Required work => Your task is to find every line in the records that holds the string "movement" and copy it.

Records to process =>
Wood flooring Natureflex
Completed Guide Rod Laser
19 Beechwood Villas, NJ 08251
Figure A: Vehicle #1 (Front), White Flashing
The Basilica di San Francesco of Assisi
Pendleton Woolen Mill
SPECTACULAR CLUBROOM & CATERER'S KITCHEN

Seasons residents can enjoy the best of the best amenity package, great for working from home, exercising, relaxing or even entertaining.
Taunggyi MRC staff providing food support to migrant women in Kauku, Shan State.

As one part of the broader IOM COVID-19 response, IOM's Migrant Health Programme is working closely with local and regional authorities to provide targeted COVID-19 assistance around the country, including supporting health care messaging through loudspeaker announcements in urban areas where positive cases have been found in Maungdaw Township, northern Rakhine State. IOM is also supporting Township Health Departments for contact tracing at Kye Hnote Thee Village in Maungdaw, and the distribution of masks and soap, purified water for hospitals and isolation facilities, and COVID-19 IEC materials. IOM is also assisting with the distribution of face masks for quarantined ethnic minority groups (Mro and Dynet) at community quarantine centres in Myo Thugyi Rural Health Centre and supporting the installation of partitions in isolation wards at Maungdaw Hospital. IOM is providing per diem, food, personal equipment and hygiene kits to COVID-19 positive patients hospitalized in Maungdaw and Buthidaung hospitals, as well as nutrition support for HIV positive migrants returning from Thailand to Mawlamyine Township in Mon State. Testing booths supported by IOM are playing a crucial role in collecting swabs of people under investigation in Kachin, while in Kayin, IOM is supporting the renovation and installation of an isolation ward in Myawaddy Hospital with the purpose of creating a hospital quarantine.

...

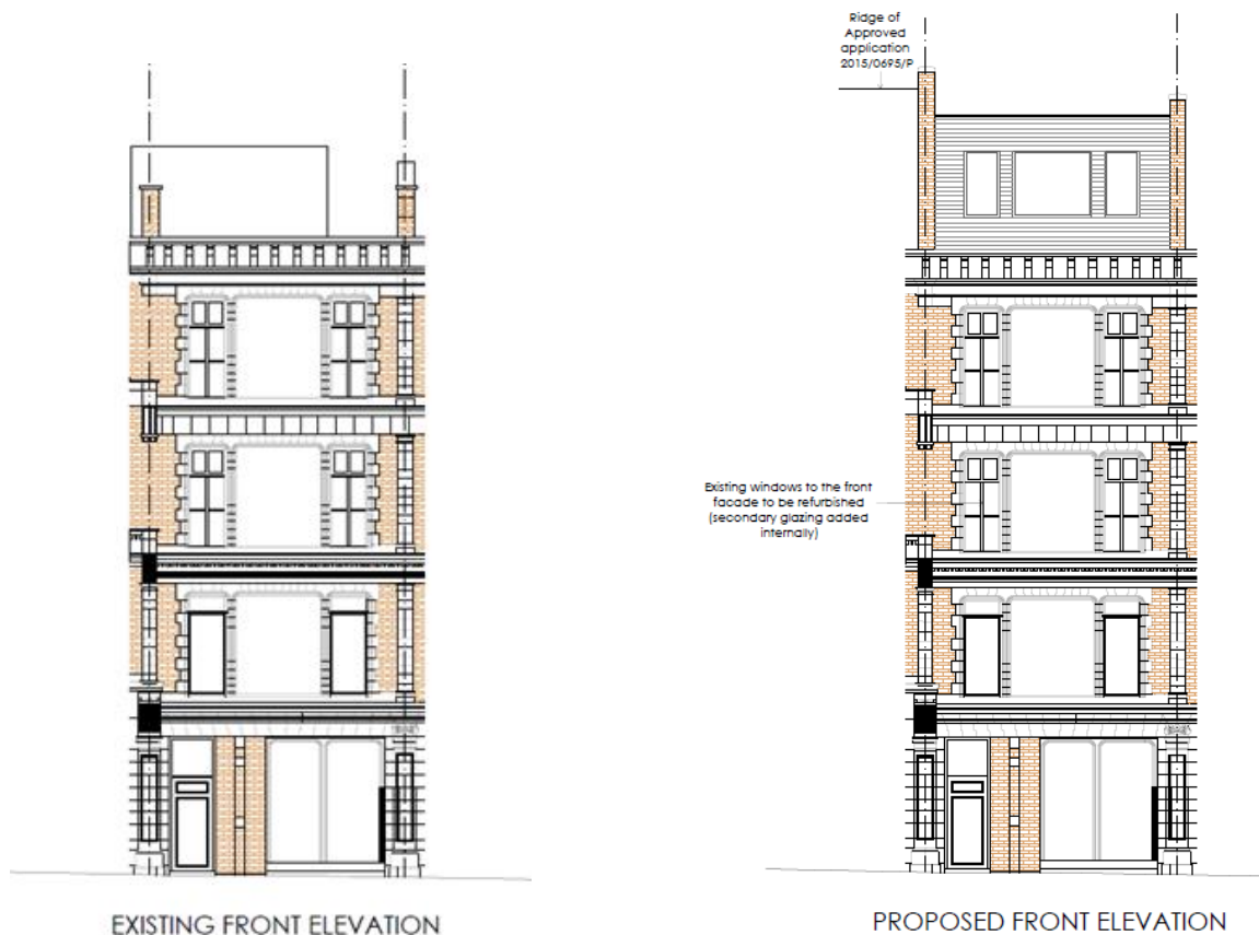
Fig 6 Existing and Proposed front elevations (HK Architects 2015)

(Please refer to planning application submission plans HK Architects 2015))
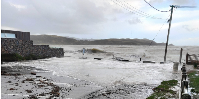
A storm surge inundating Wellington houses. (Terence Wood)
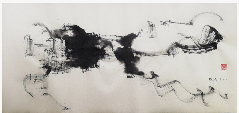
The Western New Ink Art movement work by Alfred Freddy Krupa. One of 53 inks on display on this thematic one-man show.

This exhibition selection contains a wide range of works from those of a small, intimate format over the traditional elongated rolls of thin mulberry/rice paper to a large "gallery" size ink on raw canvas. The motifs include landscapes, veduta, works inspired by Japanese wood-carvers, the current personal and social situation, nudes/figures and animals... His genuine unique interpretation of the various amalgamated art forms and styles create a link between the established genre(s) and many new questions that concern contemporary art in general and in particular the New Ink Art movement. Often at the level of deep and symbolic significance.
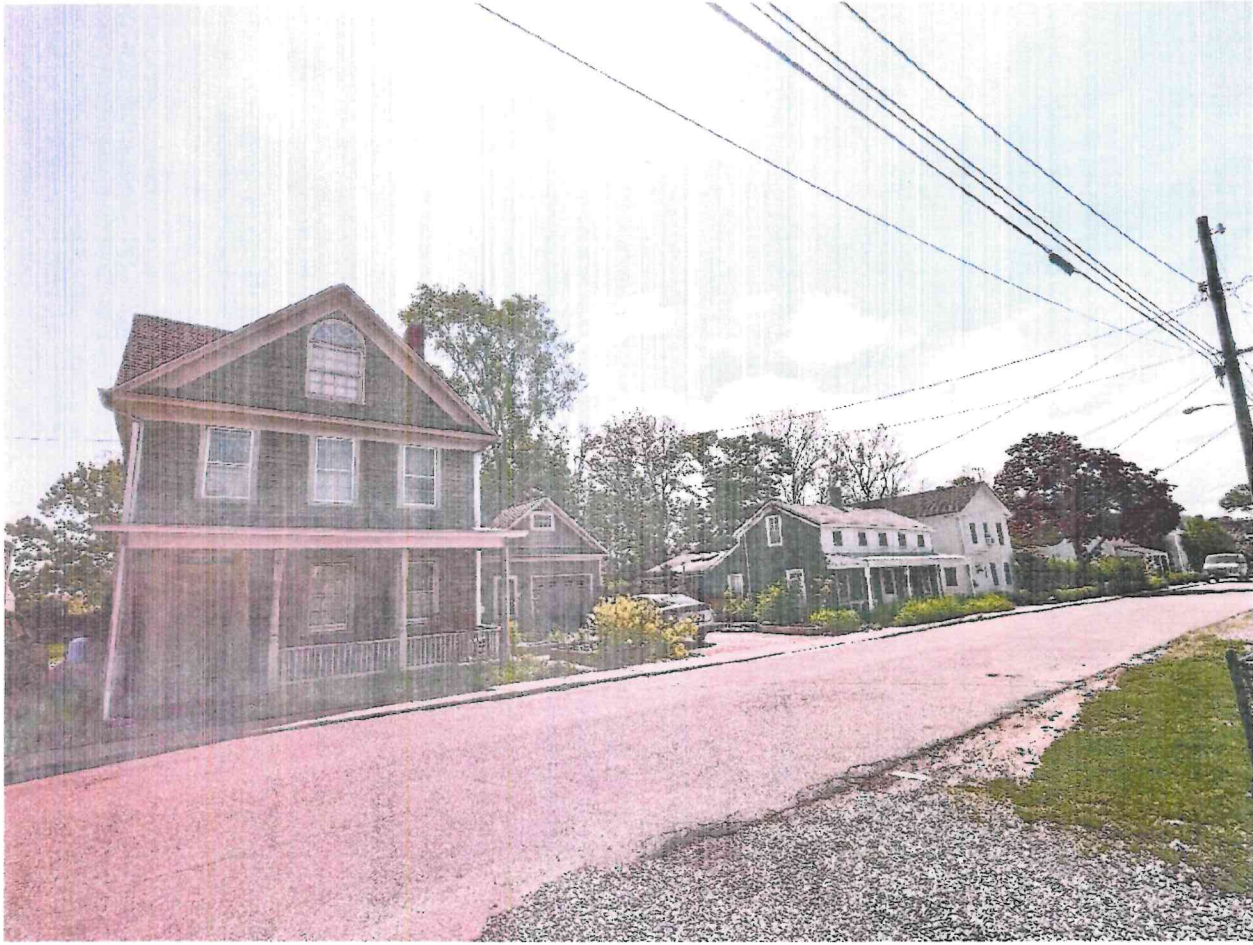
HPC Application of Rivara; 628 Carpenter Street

Written solution =>
The Western New Ink Art movement work by Alfred Freddy Krupa. One of 53 inks on display on this thematic one-man show.
This exhibition selection contains a wide range of works from those of a small, intimate format over the traditional elongated rolls of thin mulberry/rice paper to a large "gallery" size ink on raw canvas. The motifs include landscapes, veduta, works inspired by Japanese wood-carvers, the current personal and social situation, nudes/figures and animals... His genuine unique interpretation of the various amalgamated art forms and styles create a link between the established genre(s) and many new questions that concern contemporary art in general and in particular the New Ink Art movement. Often at the level of deep and symbolic significance.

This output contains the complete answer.